Here's a closer look at some of the changes seen in the reports:
U.S. corn's Sept. 1 stocks were revealed to be higher than expected at 1.236 billion bushels (bb), some 69 million bushels (mb) above the average trade estimate of 1.167 bb. Still, the Sept. 1 stocks declined 36% from the 1.919 bb stocks in September 2020. While the stocks number was certainly regarded as bearish, the 71-mb downward revision in 2020 production was a positive input, as yield fell by 0.6 bushels per acre (bpa) to 171.4 bpa, and both planted and harvested acres were revised downward to 90.7 million acres (ma) and 82.3 ma, respectively, with the latter figure 200,000 ma below the last report.
Of the Sept. 1 stocks, on-farm stocks were 395 mb and down 47% from last year, while off-farm stocks were down just 28% at 842 mb. The June through August indicated disappearance figured to be 2.87 bb compared to 3.08 bb a year ago.
Dow Jones' pre-report trader survey had expected stocks to come in at a much lower 1.167 bb, so the market regarded the stocks number as bearish, with December corn down 12 cents at one point. But a late-session rally brought corn futures back, close to unchanged. The slightly higher-than-expected stocks number did little to change the still-tight corn stocks situation, especially with early new-crop yields coming in lower than expected in some key Corn Belt states.
Soybeans is where the real surprise came. Sept. 1 soybean stocks, estimated to come out little changed at 172 mb, actually rose to 256 mb. While that is still down over 51% from a year ago, it figured to be 84 mb higher than the average trade estimate. Adding to the bearishness was the revised soybean production for 2020, as yield was increased by 0.8 bpa to 51 bpa, and planted and harvested acres were both revised higher. Harvested acres were increased by 100,000 acres. The result was that soybean production rose by 81 mb compared to the previous estimate.
Of the Sept. 1 stocks, on-farm stocks were 68.1 mb, down 52% versus a year ago, while off-farm stocks, at 188 mb, were down 51% from a year ago. June through August indicated disappearance figured 513 mb, down 40% from a year ago.

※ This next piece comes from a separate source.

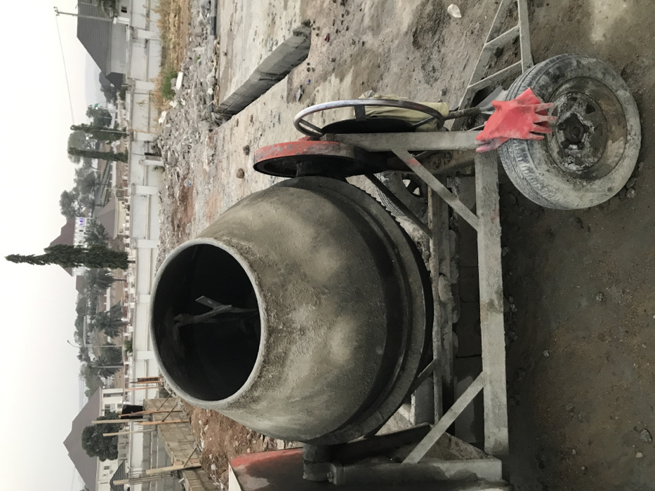 A concrete mixer dominates the frame on a construction site

Prior to the report, November soybeans were trading up 2 cents. Following the report, they fell as much as 35 cents at one point before finishing down 27 3/4 cents.
The report surely loosened up the once very tight balance sheet for soybeans.

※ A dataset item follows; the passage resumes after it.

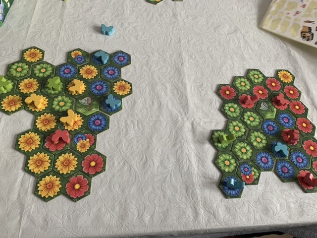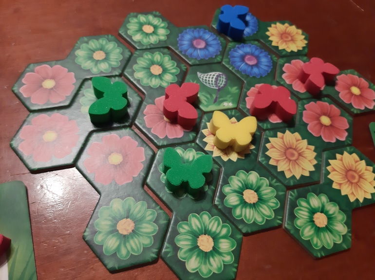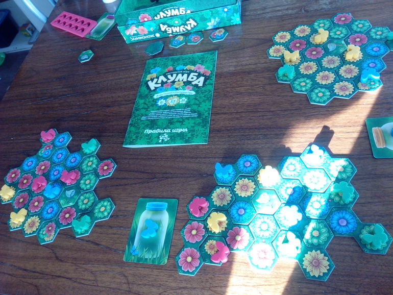 Клумба, самая подходящая игра для праздника! В ней даже тайлы в виде восьмёрки, цветы, бабочки. Сплошная красота! Первую партию втроём мы сыграли в воскресенье, сегодня обязательно повторим. Процесс занятный, чем-то напоминает Каркассон и Лоскутное королевство. Бабочки только в моей версии поролоновые, не то, конечно. Нет радости осязания, но дети то не знают, что может быть по другому, им нормально. Я тоже не отношусь к перфекционистам-будем играть дальше.

The wheat market on Thursday got a double dose of bullish news to drive values higher by the close. Sept. 1 all wheat stocks were reported to be 1.78 bb, down 18% from a year ago but also 79 mb below the average pre-report estimate. Of that stocks total, on-farm stocks figured to be 419 mb, 41% lower than a year ago, while off-farm stocks of 1.36 bb were down just 6% from a year ago. June through August disappearance was revealed to be 711 mb, 2% higher than a last year.

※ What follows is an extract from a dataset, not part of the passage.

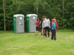 Nach verschlungenen Waldwegen passierten die 16-Kilometer-Läufer die sagenumwobene Mägdetrappe und es ging rasant bergab in Richtung Mägdesprung. Bei Sabine Börner sorgte das lose Felsgestein für einen unfreiwilligen Stopp. Zum Glück waren alle Glieder ordentlich warmgelaufen und der Abstieg konnte fortgesetzt werden. In Mägdesprung angekommen, ging es wieder 120 Höhenmeter hinauf. Geteiltes Leid ist halbes Leid dachte sich das Trio Sylvia Köhn, Lutz Klauß und Jens-Uwe Börner. Gemeinsam spornten sie sich an, machten sich Mut und kamen bald darauf über einen schmalen Klippenweg am sogenannten „Pioniertunnel“ an. Die Durchquerung des 15 Meter langen Felsdurchbruchs war nur in gebückter Haltung möglich, ein Fotomotiv wie für Börner gemacht! Am Verpflegungsstand konnten sich die Läufer noch einmal stärken, denn nun kam der Anstieg zum Birkenhäuschen. Hinab ins Steintälchen ging es wieder hinauf zum Himmelsgarten bevor die Strecke auf den letzten drei Kilometern herrlich sanft auslief. Im Zielbereich herzlich vom Publikum und Moderator empfangen, kümmerte sich ein Sportfreund „Peter“ rührend um alle einlaufenden Damenbeine. Er ließ es sich nicht nehmen, den Transponder für die Zeitmessung höchstpersönlich zu entfernen. Bis zum Zielschluss hatte sich der Regen zurückgehalten, bei der Siegerehrung schüttete es dann aber ordentlich. Aus dem schützenden Zelt, hinauf aufs Treppchen, durften wieder nur die Bode-Runner-Damen. Ina Schöler von der ZLG Atzendorf wurde ziemlich nass, denn nicht nur die Gesamtzweite bei den Damen, sondern auch der Sieg in ihrer Altersklasse verlangte nach ihrem Erscheinen. Isa Höber siegte souverän in der W 45 und Sylvia Köhn und Sabine Börner freuten sich über einen zweiten Platz in den Altersklassen W 30 und W 45.

All wheat production, estimated to be 1.681 bb, instead came out at 1.646 bb, down 51 mb from August and down a hefty 180 mb from a year ago. Winter wheat production, estimated to be 1.32 bb, instead fell to 1.28 bb and down sharply from the 1.319 bb August number. Other spring wheat came out close to pre-report expectations, at 331 mb, down from 343 mb in August; that was down 44% versus a year ago. Harvested acres of other spring were revised lower to just 10.2 ma compared to the 11.6 ma planted number, as abandonment reached 11%. Yields on winter wheat declined to 50.2 bpa from 50.9 bpa a year ago, while spring wheat yield plunged from 48.6 bpa to just 32.6 bpa.
Prior to the report, all three wheat markets were trading 7 to 8 cents higher, but after the report, Kansas City December futures rallied to close 20 cents higher.
The net effect of the Sept. 30 quarterly Grain Stocks and Small Grains Summary reports was to tighten up the wheat balance sheet even further while loosening up the corn and soybean balance sheets. Soybeans took center stage as last year's production and September stocks were both revised higher, sending soybeans to sharp losses.